来捧场的客人送了一波又一波,总算送的差不多,月白见芷兰已露疲态,想劝她先去化妆间把妆谢了,也好早点去吃口饭。月白附在芷兰耳边还没开口,林翠薇已经到了二人面前,双手递给芷兰一个长方的五彩小锦盒。
月白下意识地退到了一边,芷兰不敢怠慢,恭恭敬敬接过锦盒,打开一瞧,里面是一枚翡翠戒指,瞧那碧绿的成色已经知道价值不菲。芷兰盖上锦盒推说自己不敢收。
林翠薇淡淡笑笑,却并不伸手去接,对芷兰说,“今儿戏唱的好,没辜负你师父师叔的期望,也没白费我家叔夜的这番心思,我真是打心眼里替你高兴。你知道的,我可没把你当外人,早把你当一家人了,这礼物只是一点小心意。”
“姨奶奶不要折煞我了,能把您请来看戏已经是我莫大的面子了。您也说咱们都不是外人,不是外人更不要送这么贵重的礼了,我真的承受不起。”
芷兰明知道这份礼推不出去,可是因为心里并不想收,不想再欠林翠薇的人情,所以嘴上仍坚持着。

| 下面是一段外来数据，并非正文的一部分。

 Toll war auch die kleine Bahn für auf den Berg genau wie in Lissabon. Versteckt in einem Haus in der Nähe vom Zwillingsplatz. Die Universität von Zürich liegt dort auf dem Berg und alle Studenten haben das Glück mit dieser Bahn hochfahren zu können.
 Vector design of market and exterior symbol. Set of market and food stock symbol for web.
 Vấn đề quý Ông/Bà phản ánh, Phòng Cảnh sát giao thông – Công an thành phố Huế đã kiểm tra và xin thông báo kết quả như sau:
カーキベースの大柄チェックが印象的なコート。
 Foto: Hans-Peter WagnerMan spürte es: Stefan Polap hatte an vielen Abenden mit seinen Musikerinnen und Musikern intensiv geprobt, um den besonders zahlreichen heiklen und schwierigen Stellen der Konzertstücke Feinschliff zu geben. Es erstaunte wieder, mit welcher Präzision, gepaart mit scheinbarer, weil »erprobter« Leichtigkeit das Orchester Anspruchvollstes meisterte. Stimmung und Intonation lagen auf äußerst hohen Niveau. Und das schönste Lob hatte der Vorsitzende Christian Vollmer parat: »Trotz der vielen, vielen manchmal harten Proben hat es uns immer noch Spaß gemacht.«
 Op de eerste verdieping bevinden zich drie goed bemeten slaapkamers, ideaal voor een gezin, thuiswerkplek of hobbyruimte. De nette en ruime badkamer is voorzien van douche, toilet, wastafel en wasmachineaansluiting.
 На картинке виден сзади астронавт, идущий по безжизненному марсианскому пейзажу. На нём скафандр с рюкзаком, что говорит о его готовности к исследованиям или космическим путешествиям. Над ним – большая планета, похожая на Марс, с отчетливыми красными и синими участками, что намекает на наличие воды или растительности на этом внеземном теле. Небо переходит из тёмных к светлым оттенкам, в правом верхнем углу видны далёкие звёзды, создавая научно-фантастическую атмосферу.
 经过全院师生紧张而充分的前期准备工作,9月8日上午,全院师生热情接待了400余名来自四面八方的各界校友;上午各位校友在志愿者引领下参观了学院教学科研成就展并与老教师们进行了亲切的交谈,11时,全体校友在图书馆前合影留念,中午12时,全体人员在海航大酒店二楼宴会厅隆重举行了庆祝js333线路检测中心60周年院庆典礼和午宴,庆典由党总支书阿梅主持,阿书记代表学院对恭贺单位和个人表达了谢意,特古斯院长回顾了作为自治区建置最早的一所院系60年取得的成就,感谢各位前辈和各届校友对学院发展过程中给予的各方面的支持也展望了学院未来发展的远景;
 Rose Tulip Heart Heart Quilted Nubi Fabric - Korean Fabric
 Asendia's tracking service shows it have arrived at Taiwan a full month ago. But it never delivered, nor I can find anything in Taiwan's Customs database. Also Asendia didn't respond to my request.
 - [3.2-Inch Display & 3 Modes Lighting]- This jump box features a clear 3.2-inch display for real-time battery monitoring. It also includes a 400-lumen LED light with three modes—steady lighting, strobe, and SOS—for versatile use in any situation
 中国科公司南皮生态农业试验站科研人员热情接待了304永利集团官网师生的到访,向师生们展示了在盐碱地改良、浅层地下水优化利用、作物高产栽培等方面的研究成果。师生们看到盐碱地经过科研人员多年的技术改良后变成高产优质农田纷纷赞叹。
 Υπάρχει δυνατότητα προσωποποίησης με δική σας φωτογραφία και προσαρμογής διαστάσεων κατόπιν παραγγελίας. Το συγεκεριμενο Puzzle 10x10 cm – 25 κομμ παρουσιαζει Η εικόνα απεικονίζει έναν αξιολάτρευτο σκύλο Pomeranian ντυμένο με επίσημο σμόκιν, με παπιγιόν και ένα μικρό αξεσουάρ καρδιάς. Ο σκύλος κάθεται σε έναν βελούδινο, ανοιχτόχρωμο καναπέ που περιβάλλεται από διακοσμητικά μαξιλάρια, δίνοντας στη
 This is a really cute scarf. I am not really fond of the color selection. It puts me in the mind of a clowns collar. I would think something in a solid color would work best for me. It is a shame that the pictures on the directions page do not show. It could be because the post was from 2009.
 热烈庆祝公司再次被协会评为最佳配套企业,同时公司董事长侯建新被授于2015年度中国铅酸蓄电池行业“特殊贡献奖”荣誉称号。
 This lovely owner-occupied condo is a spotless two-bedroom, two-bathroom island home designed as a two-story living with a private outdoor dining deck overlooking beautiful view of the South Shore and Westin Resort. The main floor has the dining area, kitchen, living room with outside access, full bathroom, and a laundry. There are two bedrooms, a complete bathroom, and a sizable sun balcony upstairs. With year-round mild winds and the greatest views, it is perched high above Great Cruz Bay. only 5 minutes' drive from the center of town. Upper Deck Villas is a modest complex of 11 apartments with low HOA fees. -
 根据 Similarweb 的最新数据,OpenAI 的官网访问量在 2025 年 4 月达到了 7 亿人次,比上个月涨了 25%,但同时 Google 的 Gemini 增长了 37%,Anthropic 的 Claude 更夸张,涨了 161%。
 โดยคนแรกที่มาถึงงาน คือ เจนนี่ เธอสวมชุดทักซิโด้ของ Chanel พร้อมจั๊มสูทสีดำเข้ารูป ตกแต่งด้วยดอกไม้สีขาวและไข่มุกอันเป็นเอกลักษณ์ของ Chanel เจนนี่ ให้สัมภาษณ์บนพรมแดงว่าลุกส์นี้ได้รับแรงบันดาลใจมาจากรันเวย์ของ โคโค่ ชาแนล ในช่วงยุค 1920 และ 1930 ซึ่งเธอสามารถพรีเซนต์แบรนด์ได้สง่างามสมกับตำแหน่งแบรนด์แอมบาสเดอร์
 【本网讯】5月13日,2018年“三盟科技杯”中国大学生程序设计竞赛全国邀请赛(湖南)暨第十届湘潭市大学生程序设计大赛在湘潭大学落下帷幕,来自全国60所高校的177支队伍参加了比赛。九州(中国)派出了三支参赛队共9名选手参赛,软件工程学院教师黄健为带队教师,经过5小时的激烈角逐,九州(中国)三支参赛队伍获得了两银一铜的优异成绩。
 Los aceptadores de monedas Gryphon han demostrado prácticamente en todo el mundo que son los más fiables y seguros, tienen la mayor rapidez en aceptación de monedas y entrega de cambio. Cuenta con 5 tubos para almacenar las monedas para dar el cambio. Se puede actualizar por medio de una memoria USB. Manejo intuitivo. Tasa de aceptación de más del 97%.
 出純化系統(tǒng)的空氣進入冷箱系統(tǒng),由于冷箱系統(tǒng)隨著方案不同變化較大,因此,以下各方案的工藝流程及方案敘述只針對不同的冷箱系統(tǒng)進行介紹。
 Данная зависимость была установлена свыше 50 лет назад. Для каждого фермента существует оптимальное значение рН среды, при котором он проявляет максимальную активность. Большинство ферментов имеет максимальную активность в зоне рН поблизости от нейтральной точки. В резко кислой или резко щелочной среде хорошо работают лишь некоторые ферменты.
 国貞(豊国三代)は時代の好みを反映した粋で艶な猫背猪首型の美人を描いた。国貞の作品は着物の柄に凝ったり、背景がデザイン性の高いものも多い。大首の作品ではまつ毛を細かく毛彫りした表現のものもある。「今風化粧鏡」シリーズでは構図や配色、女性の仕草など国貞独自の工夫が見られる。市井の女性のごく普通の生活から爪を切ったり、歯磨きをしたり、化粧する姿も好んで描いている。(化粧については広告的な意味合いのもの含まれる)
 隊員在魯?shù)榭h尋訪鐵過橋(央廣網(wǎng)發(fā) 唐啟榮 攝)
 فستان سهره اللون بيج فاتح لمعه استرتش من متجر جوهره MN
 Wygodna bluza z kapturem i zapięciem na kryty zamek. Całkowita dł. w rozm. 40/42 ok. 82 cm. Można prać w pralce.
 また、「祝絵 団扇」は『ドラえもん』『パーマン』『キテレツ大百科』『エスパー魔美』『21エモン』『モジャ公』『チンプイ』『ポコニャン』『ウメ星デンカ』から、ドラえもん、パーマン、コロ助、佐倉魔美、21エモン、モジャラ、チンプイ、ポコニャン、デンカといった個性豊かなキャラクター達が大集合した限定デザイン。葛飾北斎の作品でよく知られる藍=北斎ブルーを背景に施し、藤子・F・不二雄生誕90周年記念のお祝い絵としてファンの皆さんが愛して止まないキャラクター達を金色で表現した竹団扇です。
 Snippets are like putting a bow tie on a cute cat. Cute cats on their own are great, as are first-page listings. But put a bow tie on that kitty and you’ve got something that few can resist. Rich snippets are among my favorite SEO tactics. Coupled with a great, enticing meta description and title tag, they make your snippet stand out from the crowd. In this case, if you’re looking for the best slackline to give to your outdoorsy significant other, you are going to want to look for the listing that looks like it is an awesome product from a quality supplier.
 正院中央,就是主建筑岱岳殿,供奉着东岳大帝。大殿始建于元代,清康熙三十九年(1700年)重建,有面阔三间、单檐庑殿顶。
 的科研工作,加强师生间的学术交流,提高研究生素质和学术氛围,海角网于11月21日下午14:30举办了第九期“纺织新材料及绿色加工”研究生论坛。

“别人的礼物你都收了,单我的不收,是嫌我送的太轻吗?”
林翠薇故意加重了语气,像玩笑又像真的,周围的人都觉得气氛霎时间紧张起来。
筱雁蓉一向觉得芷兰和徐家这位姨奶奶很亲厚,不明白为什么芷兰要执意推辞,像是故意不领情,要惹姨奶奶不高兴似的,忙站出来打圆场。
“哪里是太轻,是太重了!芷兰还是个孩子,姨奶奶不要这么宠她。”
“芷兰姑娘如今已然成名,穿好的、用好的都是理所应当的!当着这么多人的面,何必要拂了姨娘的好意,我看筱老板还是劝芷兰姑娘快点收下吧!我这里也有一点心意要送给芷兰姑娘和月白姑娘,请月白姑娘帮着师姐一起收了吧。”
范士祺的跟班递过来两匹上好的绸缎,原本范士祺打算两匹布都送给芷兰的,可是不知道为什么今日里就是看着月白特别喜欢,所以临时起意分了一匹送给月白。只是这礼物收与不收对月白来说也没什么稀罕,月白乐呵呵地接过来只为了方才见姨奶奶跟师姐两个人话语间都有些火气,自己正不知如何是好,幸亏范士祺这一打岔,倒是把方才的气氛化解了。
林翠薇却不肯善罢甘休,正巧徐子清送过客人回到后台,林翠薇一面过他来,一面指着芷兰手上的锦盒说,“叔夜,芷兰方才收了咱们的戒指!我可听说照洋人的习俗,这收了戒指就等于是点头答应要给我们家做媳妇了,有这说法没有?”
听了林翠薇的话,不仅月白吓了一跳,瞧身边的徐子清显然也是没有准备,完全没有料到姨娘会有此一问,一脸尴尬真不知要如何接话。
幸好芷兰还算镇定,当着这么多人的面只想大事化小,“大家都知道徐少爷跟我是师徒,姨奶奶可不能当着这么多人乱开玩笑,外面记者还在,明天报上一登,岂不让别人笑话我们梨园行里没规矩,乱了辈分!师者为大,您跟徐少爷是我和月白的授业恩师,这是到什么时候也改不了的名分!”
林翠薇怎么会听不出来,芷兰故意扯上月白,不就是想说自己和月白也是师徒吗?芷兰一定是看出来自己对月白有意了,看出来就看出来,自己今天还就偏偏要改改这个名分!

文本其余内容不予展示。